Let us describe a function that takes into account the calibration factor for the average pixel value - convert_to_temperature
:
function convert_to_temperature(pixel_avg, calibration_factor=4.6)
return pixel_avg * calibration_factor
end;
Let's repeat the transformations for the original image to calculate the area mean value taking into account the mask. In this context, a mask is an image after morphological operations. It allows us to isolate only the area for which we want to calculate the average intensity value.
img_raw = collect(rawview(channelview(image)));
img_gray_CV_img = OpenCV.cvtColor(img_raw, OpenCV.COLOR_RGB2GRAY);
Let's calculate the average intensity value by region:
mean_value = OpenCV.mean(img_gray_CV_img, img_gray_CV)[1]
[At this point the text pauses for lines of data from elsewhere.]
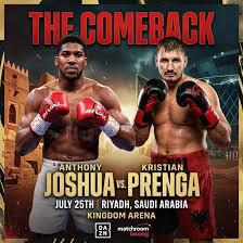 (April 27th) His Excellency Turki Alalshikh, Chairman of the General Entertainment Authority of the Kingdom of Saudi Arabia, today officially announced that two-time unified world heavyweight champion Anthony Joshua (29-4, 26 KOs) will return to the ring on Saturday, July 25, 2026, in Riyadh, Saudi Arabia, facing hard-hitting Albanian heavyweight Kristian Prenga (20-1, 20 KOs) in a scheduled 12-round bout.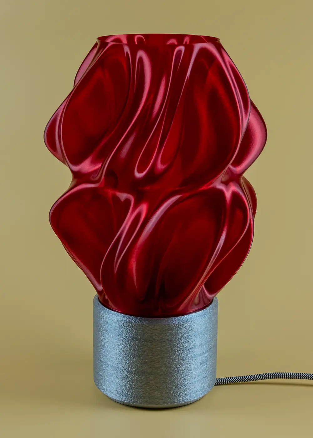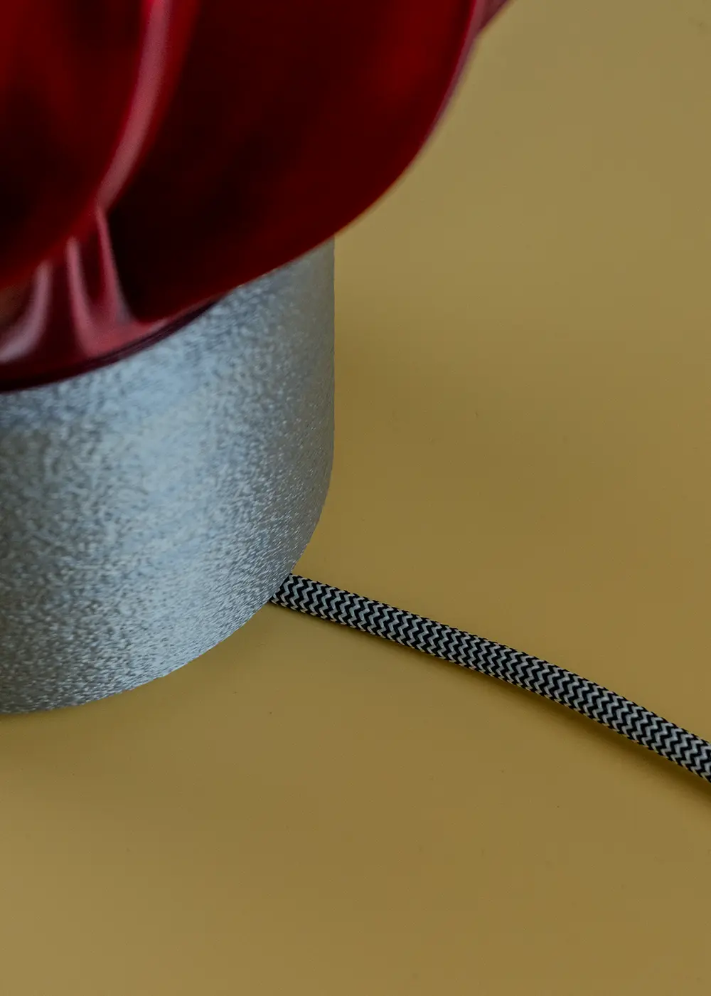 Fluid Silver / Scarlet masa lambası; salon, çalışma alanı, konsol üstü veya yaratıcı stüdyolarda güçlü bir tasarım vurgusu oluşturur. Scarlet tonun sıcaklığı mekâna enerji katarken, gri kaide modern bir denge sağlar.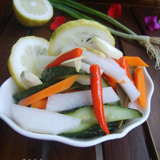 原料:白萝卜、红罗卜、黄瓜、柠檬、姜、蒜、小尖椒、香叶、白糖、白醋、盐、清水。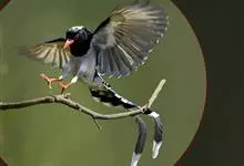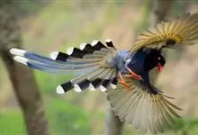 台湾蓝鹊:体长64至65厘米,翼展18至21厘米,尾长约40厘米,尾羽长占了总体长的三分之二。头、脸、颈、喉、胸都是黑色,黄色的眼珠包围黑色的瞳孔,鲜红色的鸟喙、双脚,…全部>>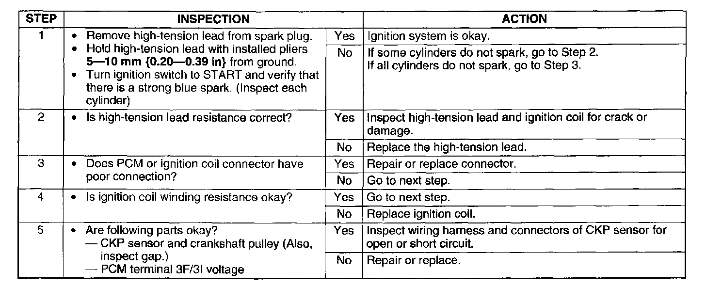 WARNING: High voltage in the ignition system can cause strong electrical shock which can result in serious injury. Avoid direct contact to the vehicle body during the above spark test.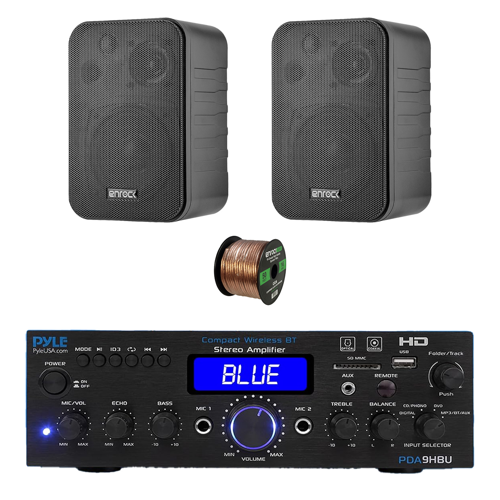Pyle PDA9HBU 2-Channel Home Theater Bluetooth HiFI Audio Optical/HDMI/USB/SD FM Radio Receiver, 2x 4" 30 Watt 3-Way Water-Resistant Indoor/Outdoor Audio Speakers (Black), 50 ft 16 Gauge Speaker Wire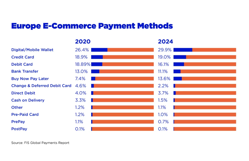 In Europe and the U.K., the 2020 FIS Global Payment Report results predict that BNPL use in Europe and the United Kingdom will almost double by 2024 (13.6%) when compared to 2020 (7.4%).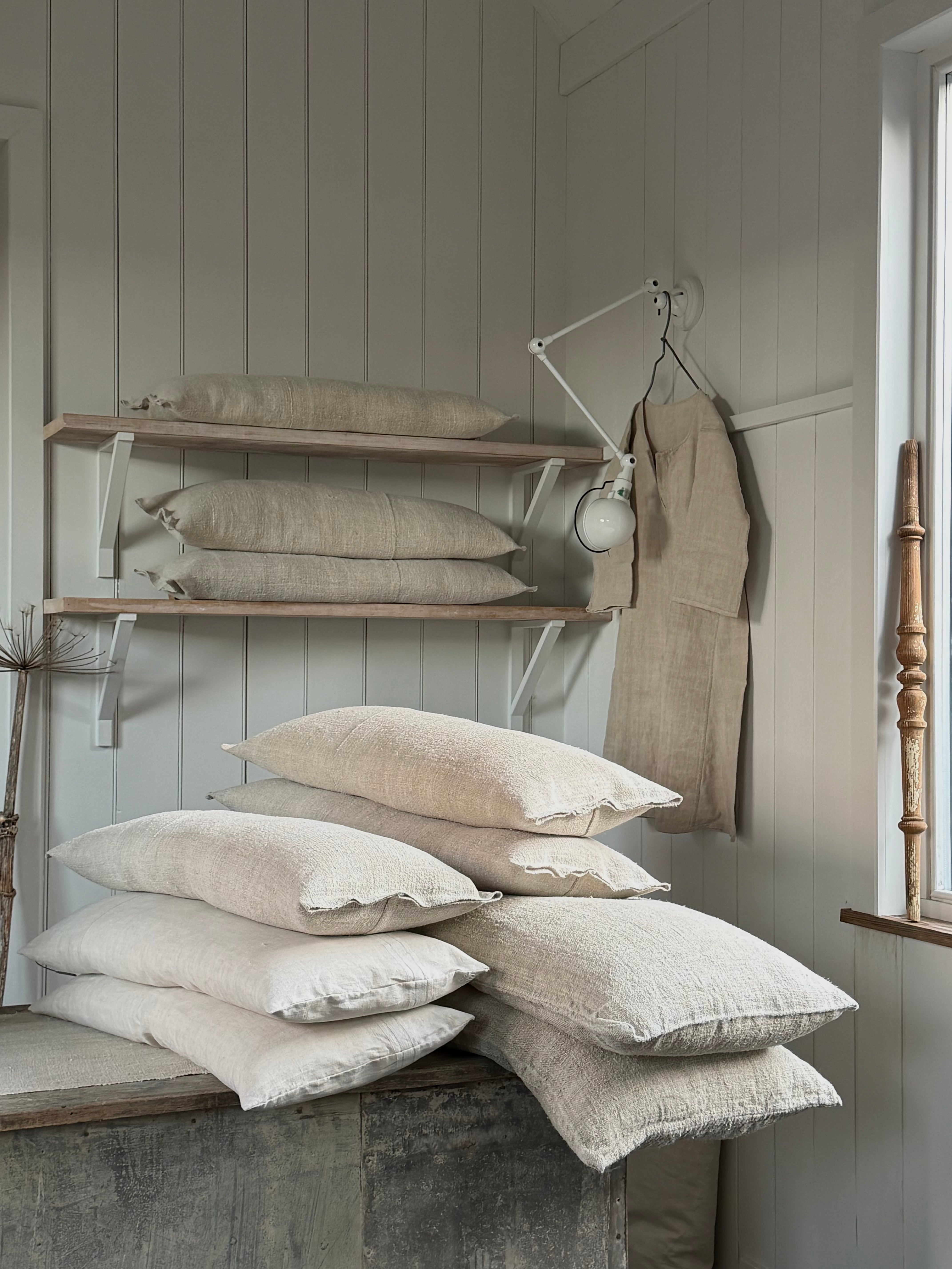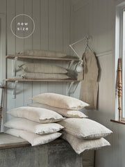 our antique linen grain sack cushions come with a comfortable feather fill. we search far and wide for sacks like these with their wonderful slubby texture. we wash and iron them, have individual duck feather cushions made to fit and finally Pippa hand finishes them in our workroom.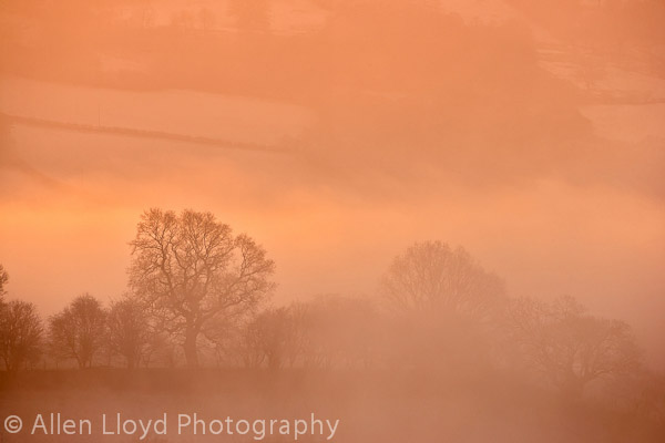 Misty trees at dawn, near Bwlch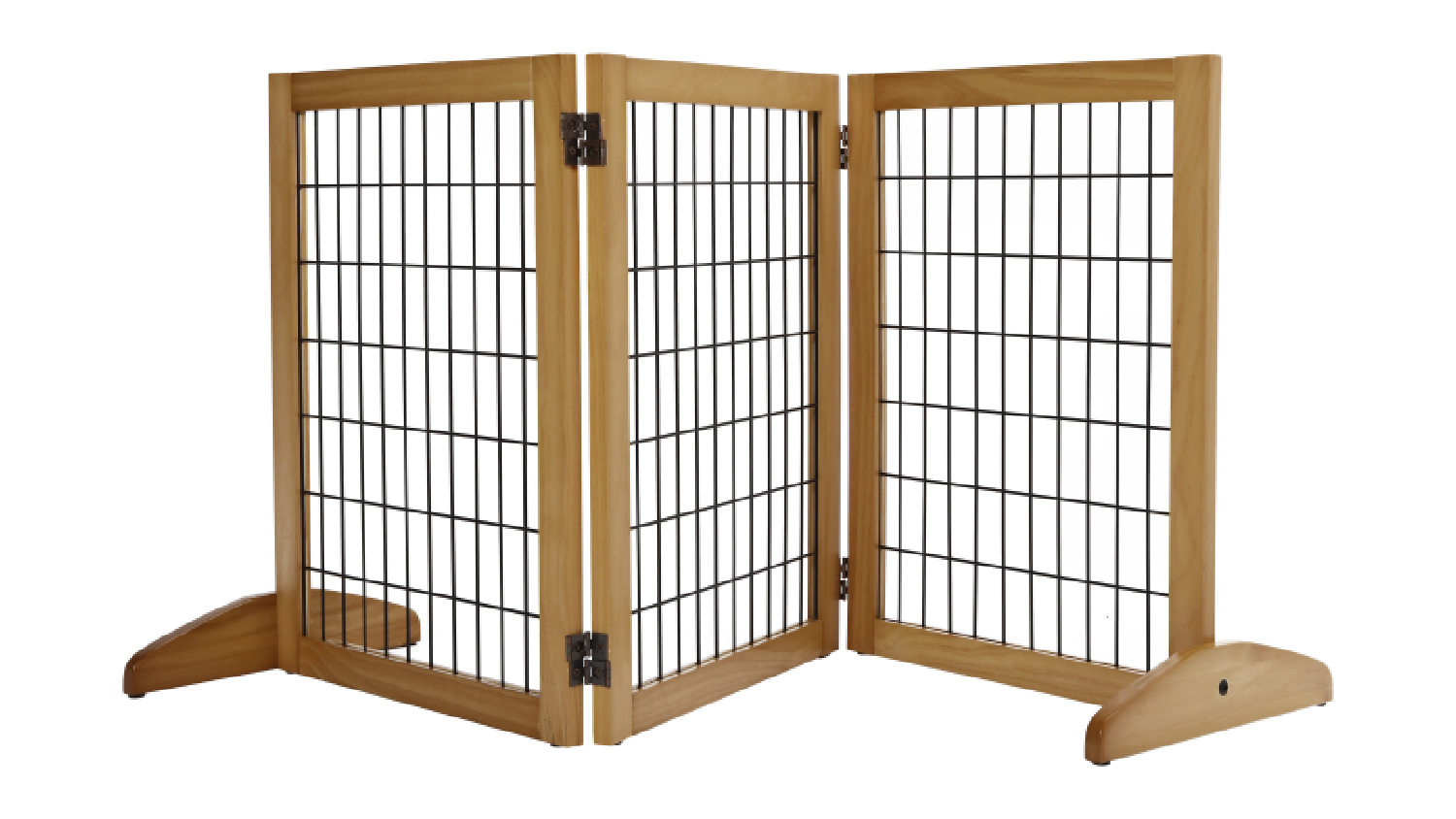 Charlie's 3 Panel Freestanding Pinewood/Metal Pet Gate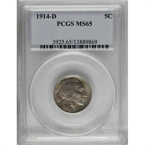 <B>1914-D 5C MS65 PCGS.</B></I> Well detailed with a smooth, satin-like appearance beneath delicate golden patina. The popularity of the 1914-D Buffalo perhaps stems from the notoriety of its Lincoln counterpart.<BR><BR><B>Coin Engraver:</B> James E. Fraser<BR><BR><b>Shipping:</b> Coins & Currency (<a target="_blank" href="http://www.heritageauctions.com/common/shipping.php">view shipping information</a>\)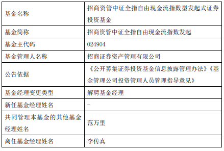 中国经济网北京11月21日讯 昨日,招商证券资产管理有限公司公告,李传真离任招商资管中证全 指自由现金流指数发起、招商资管核心优势混合。 李传真现任招商资管基金经理,曾任招商资管高端制造行业研究员,负责中游制造行业的研究,历 任安信证券资产管理部权益研究员,投资经理助理。2023年6月12日起任招商资管基金经理。 | 基金名称 | 招商资管核心优势混合型证券投资基金 | | --- | --- | | 基金简称 | 招商资管核心优势混合 | | 基金主代码 | 880006 | | 基金管理人名称 | 招商证券资产管理有限公司 | | 公告依据 | 《公开募集证券投资基金信息披露管理办法》《基 | | | 金管理公司投资管理人员管理指导意见》 | | 基金经理变更类型 | 兼有增聘和解聘基金经理 | | 新任基金经理姓名 | 蔡霖 | | 共同管理本基金的其他基金 | | | 经理姓名 | | | 离任基金经理姓名 | 李传真 | (责任编辑:康博) 招商资管中证全指自由现金流指数发起A/C成立于2025年9月12日,截至2025年11月20日,成立来 收益率为7.43%、7.40%。 招商资管核心优势混合A ...

And convert it into temperature. The temperature values are taken on the Celsius scale:
println("Температура области:", convert_to_temperature(mean_value))
Conclusions¶
In this case study, we demonstrated the process of detecting and determining the temperature of a hot region in an image using image processing techniques. We started by converting the image into a suitable format, then used binarisation to select regions of interest and applied morphological operations to improve the results. We then calculated the temperature of the selected region using a mask and calibration factor to convert pixel brightness to temperature. This process ultimately allows us to identify hot areas and measure their temperature, simulating the operation of a thermal imager and providing useful information for analysis.